Support our Written in History appeal to conserve twelve important volumes of correspondence of the Assistant Secretary’s office of the Geological Society, 1834-1880.

The majority of the archive collections of the Geological Society, which cover the history and evolution of geological science in Britain and abroad, are catalogued and open to researchers. One significant series is not. These are the in-coming letters of the Assistant Secretary which date from 1834-1880. Seven volumes of the letters were conserved in the 1980s, but the remaining 12 have been closed-off to researchers due to their extremely poor condition. 

Conserving these volumes will cost £40,000 and it will ensure that the letters will finally be fully accessible for researchers and academics studying the development of geology at this important turning point in the history of science. Donations of any amount are welcome to help us reach our target.

About the Assistant Secretary's Letter Books

Letterbook sample
The typical quarter leather binding of the Letter Books
Historically, the Assistant Secretary was generally the first point of contact with the Society. As the post holder also acted as journal editor and frequently as Librarian & Museum Curator, the majority of the Society’s day-to-day business and administration came through his office.

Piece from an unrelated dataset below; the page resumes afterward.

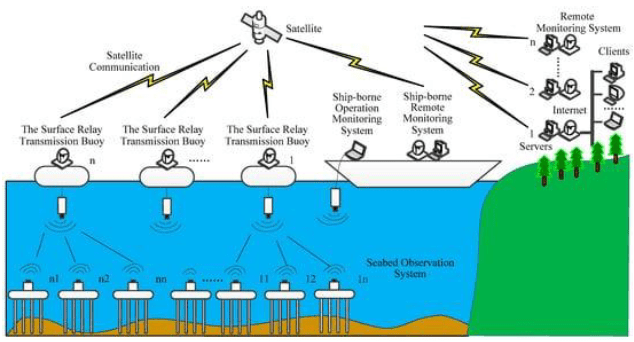 - relay antennas at different depths to transmit data vertically from the ocean floor to the ocean surface, and horizontally between nodes

The letters are therefore one of the primary records of the activities of the Society as a central repository of geological knowledge in the 19th century. Topics covered include:

• Fellows’ interaction with the Society, from their initial introduction, election, changes of circumstances, to finally resignation or notices of decease
• Submission and the editorial process of papers
• Circulation of the Society’s publications and maps
• Donations of material such as museum specimens, books and maps
• Recruitment of and recommendations for geologists for exploration surveys
• Notices and descriptions of new geological finds and other discoveries
• Award nominations and letters from awardees
• Contacts with international geological organisations and foreign geologists

Click on the below to see examples of the letters found in these volumes:

Brunel thumb
Darwin thumb
Georama thumb
Abolition thumb
Election of Isambard Kingdom Brunel, 1844  Charles Darwin complains about his Library book, [1844]
‘GEORAMA or the World at one view’, 1846
Campaign to abolish slavery in the French colonies, 1847

What is the problem?

There are around 8,000 letters split across 19 volumes. Volumes 1-7 were conserved in the 1980s, but the remaining 12 letter volumes are still in their original format of cheap, guard-book bindings. Guard-books were a very common and economical way of collating loose papers, which would be pasted onto the page stumps inside.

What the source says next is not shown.